Scots should ask hard questions on independence

As the UK’s Brexit referendum demonstrated, economic arguments are not enough to win a debate over political independence. Issues of culture, identity and pure emotion can persuade people to tolerate some economic pain in pursuit of what is seen as a greater goal. But while campaigners have an incentive to minimise those economic realities, even voters tempted to press on regardless are better off doing so in awareness rather than ignorance.

With Scotland’s first minister Nicola Sturgeon reviving plans for a possible second independence referendum — even if there is no guarantee it will happen — this is one lesson Scots would do well to learn. However they might be minded to vote, Scots should not allow independence campaigners to gloss over painful economic truths as Brexit proponents managed to do before the UK’s 2016 plebiscite.

Leave campaigners made a strategic judgment not to discuss models for a post-Brexit settlement precisely to prevent their case being picked apart. It was a brilliant and ultimately victorious strategy. But, four years on, British citizens still do not know exactly what shape EU/UK relations will take.

Scots should demand answers to several key questions from those advocating separation from the UK. One is how a future independent Scotland would bridge the yawning fiscal shortfall that would result. Official figures last week showed Scotland’s notional fiscal deficit, incorporating a geographic share of North Sea oil and gas revenues, widened to 8.6 per cent of output in the year to April 2020 — three times the proportion for the UK as a whole.

Falling energy prices were partly responsible for pushing up the notional deficit in the annual Government Expenditure and Revenue Scotland report by 1.2 percentage points from a year earlier.
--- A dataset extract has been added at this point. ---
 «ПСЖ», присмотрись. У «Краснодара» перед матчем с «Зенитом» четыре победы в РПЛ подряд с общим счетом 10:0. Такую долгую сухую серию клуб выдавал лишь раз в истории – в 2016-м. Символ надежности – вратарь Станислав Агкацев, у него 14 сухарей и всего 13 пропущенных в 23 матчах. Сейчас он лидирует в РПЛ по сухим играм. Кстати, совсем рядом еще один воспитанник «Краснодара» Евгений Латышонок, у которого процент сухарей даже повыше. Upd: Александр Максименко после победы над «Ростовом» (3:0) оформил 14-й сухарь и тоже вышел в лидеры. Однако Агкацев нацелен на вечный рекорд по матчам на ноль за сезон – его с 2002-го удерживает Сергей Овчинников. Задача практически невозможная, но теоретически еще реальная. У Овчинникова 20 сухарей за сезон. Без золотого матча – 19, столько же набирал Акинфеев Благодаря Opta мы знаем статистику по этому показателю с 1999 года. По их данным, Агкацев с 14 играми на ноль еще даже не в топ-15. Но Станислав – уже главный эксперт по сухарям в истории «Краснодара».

But the report showed Scotland’s gap between spending and revenues has been consistently larger than the UK’s, by between 5 and 7 percentage points every year since 2015-16. The latest figures also preceded much of the damage from the coronavirus pandemic. Including the Covid-19 impact, the Institute for Fiscal Studies estimated Scotland’s notional deficit could top 26 per cent of GDP this year, and still be over 11 per cent in 2024-25.
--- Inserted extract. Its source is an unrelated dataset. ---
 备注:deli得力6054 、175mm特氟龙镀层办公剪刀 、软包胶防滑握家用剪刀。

Nationalists say an independent Scotland could borrow just as Westminster has done, pointing to record-low interest rates and the ease with which countries elsewhere are borrowing to fund deficits. But without its own currency, Edinburgh might struggle to borrow as cheaply; the Scottish National party suggests it would initially continue to use sterling, though with no formal pact. With such gaping shortfalls, the need to show Scotland could be fiscally sustainable in the long run suggests a dramatic belt-tightening would still be needed.

A second question is whether Scotland would prioritise economic relations with the UK or the EU. The SNP says it would quickly seek to join the EU. Post-Brexit, however, doing so would result in a “hard” border with the rest of the UK, which takes 60 per cent of Scottish exports. Scotland could reorientate its economy towards the larger EU market to compensate, but a similar transition by Ireland took several decades.

For Boris Johnson’s UK government, relying on negative warnings risks being dismissed as a rerun of “Project Fear”; Union supporters must also make a positive emotional case for its preservation. But a majority of Scots voted against Brexit and watched in horror as the weight of English sentiment pulled them out of the EU. While they have every right to opt to go it alone in any future plebiscite, if they are to jump they should do so with a full appreciation of the drop.